Certainly, cities have plenty of reason to want bike-share programs to work, dockless or otherwise. Bikes don’t produce carbon emissions, they take up less space than cars and riding a bicycle is a heart-healthy activity.

San Francisco, which was caught off guard by plans by Ofo and Bluegogo to enter the U.S., recently proposed legislation around how to obtain and maintain a stationless bike-share permit. (Bluegogo, which initially aimed to park its bicycles in public bike racks, says now it will use bike stations in private parking spaces.)

NACTO, an association of 51 major North American cities, issued a statement earlier this week saying it also welcomes bike-share systems of all stripes, as long as they’re “part of a city’s overall transportation network and vision.” (Companies that have “shown that they are not serious about providing bikes as a real mobility option for people .  . . [but] more interested in media attention and a quick buyout . . . put the public at risk,” it added.)

Dockless bikes make a lot of sense as a last-mile option for commuters, too. Even now, Rzepecki sees a day when SoBi’s bikes are electric and work with fleets of autonomous cars and shuttles to get people to their office doors. Ofo has the same ambitions, says Ljungman, not least because China’s ride-hailing giant Didi is among its investors. In fact, Didi’s customers can already reserve an Ofo bike through Didi’s app.

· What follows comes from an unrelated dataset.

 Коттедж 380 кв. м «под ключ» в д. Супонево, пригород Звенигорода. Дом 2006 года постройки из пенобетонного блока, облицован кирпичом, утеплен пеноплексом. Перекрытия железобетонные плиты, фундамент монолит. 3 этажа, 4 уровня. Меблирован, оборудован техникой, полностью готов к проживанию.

As with Uber — which envisioned itself as a logistics company from the start — the potential also exists for the bikes to carry more than people. Ljungman says that making deliveries, for example, is “not something [Ofo] has on its radar, but given they’re building a really interesting network and distribution capability . . . the amount of products and services you can attach to that is pretty large.”

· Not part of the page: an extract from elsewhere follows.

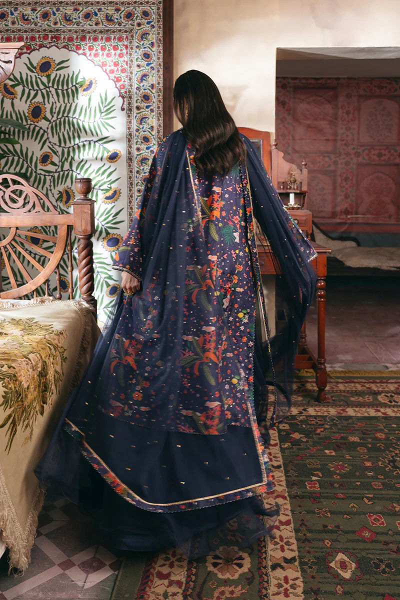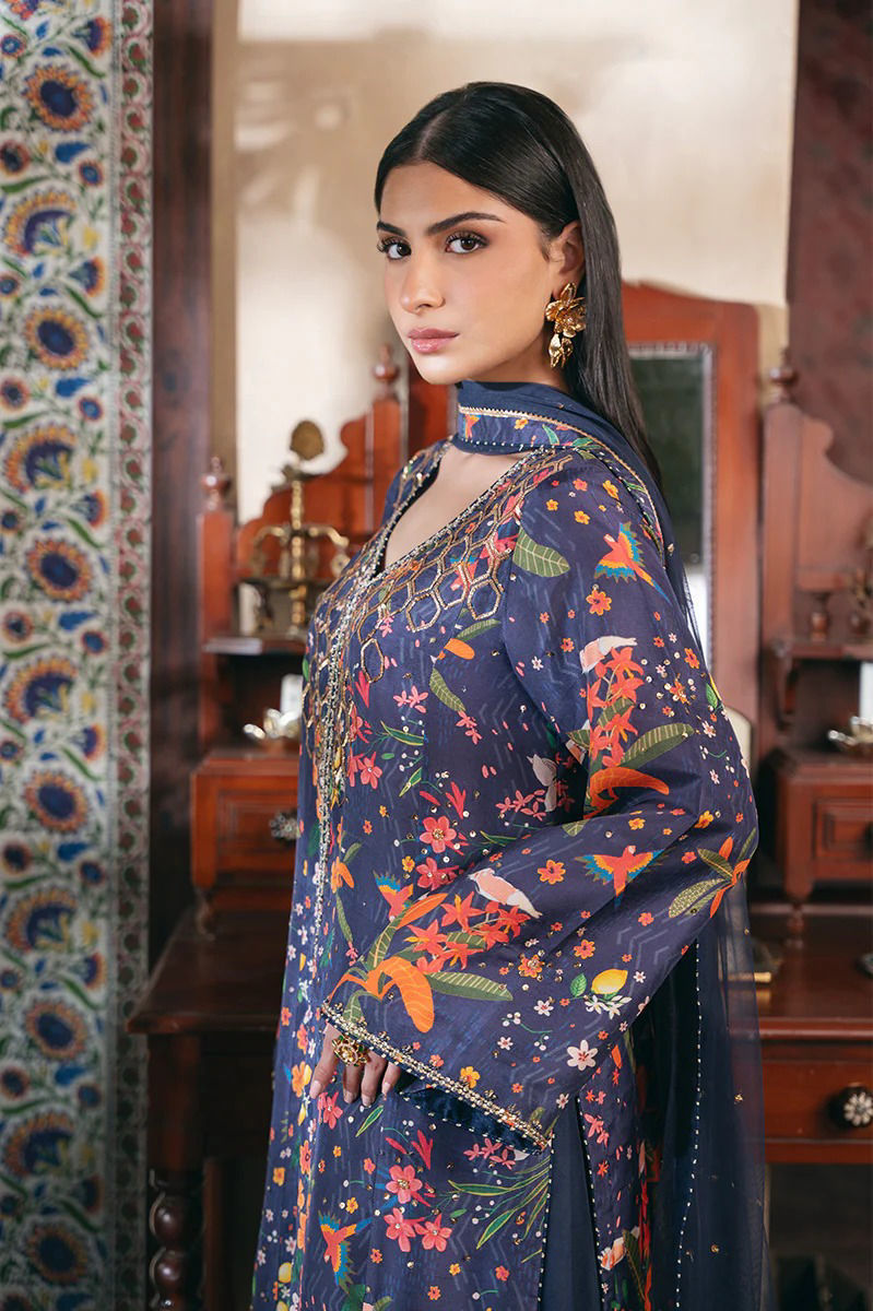 Blue is the new classic, and we’re here for it! This breathtaking tropical print outfit is a true showstopper, adorned with intricate handwork of sequins, stones, and moti. The delicate embellishments on the neckline, sleeves and hemline makes it the perfect choice for grand occasions. The look is completed with a sheer net dupatta, carefully finished to add a touch of ethereal charm. Pair it with a net lehenga, exuding grace. Style it with statement jewelry and heels to create a timelessly elegant look that’s bound to turn heads at any celebration!

Still, it’s easy to conclude that investors — and founders — are getting ahead of themselves in a race to create the next so-called decacorn.

Though Ofo has global ambitions — it reportedly wants to introduce 50,000 bikes in roughly 10 U.S. cities by July — Ljungman acknowledges that the U.S. market will be a tough nut to crack. “You need the right kind of cities. In many places in the world, cities weren’t built around cars. They were built around people walking or cycling or even riding horses,” he notes. “There’s a cultural aspect, too. In Amsterdam, you see lots of bicycles all over the place. They rule the city.” That’s not so in many American cities where bikers represent fewer than 1 percent of all commuters.

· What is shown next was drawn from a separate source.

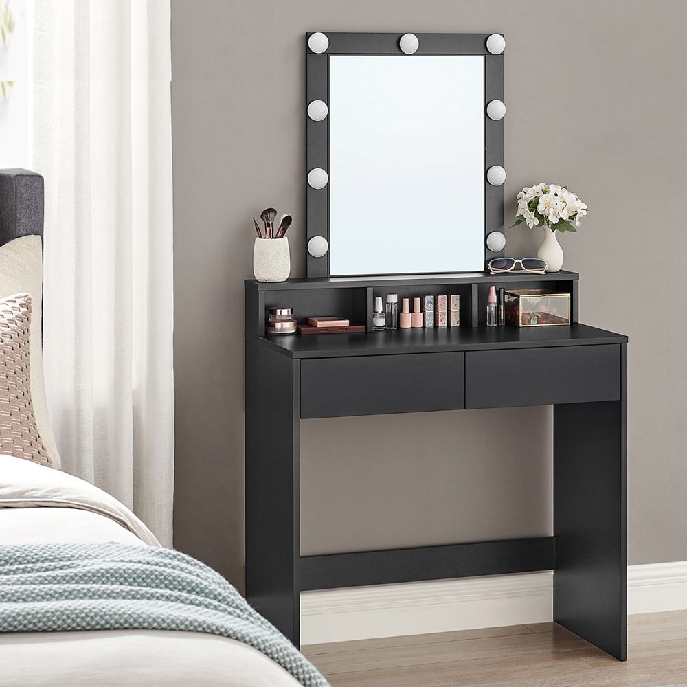 Toiletbord med LED-belyst spejl, 2 skuffer og åben opbevaring - Sort

The economics of the business appear challenged, too. While bike-share companies insist that they’re making the bikes as efficiently and cost-effectively as possible in partnership with China-based manufacturers, it hasn’t proven a lucrative business to date. For example, Motivate — which bought Citi Bike from Alta in 2014 — now oversees more than 10,000 bikes across bike-sharing programs in 10 U.S. cities and recorded 14 million rides last year, and it still isn’t profitable, says a source close to the company. Presumably, making electric bikes will be even more costly.

And there are shenanigans. According to O’Sullivan, the founders of one dockless bike-share startup met earlier with Rzepecki under the guise of wanting to fund SoBi, which has reached profitability off $7 million in funding to date and is now looking to raise substantially more. They then used their findings to raise money for a new startup of their own.

Asked about the claim, Rzepecki declines to confirm it, saying instead, “A lot of people are entering the market and maybe being a bit more opportunistic in trying to compete. For me, it’s generally a good sign that we have an environment now that’s being capitalized, even if not everyone has the same intentions that we have.”

It’s almost like the second coming of Uber. At least, people seem to hope that’s the case.

“I do think Uber’s bad-boy behavior has emboldened some to also break laws and charge ahead of social consequences,” says O’Sullivan. “They got away with it, and they got rewarded for it financially, despite hundreds of millions of dollars in settlements to state regulators and elsewhere.

“Until Uber came along, I never thought it could possibly have worked. Now others may see it as a model worth copying.”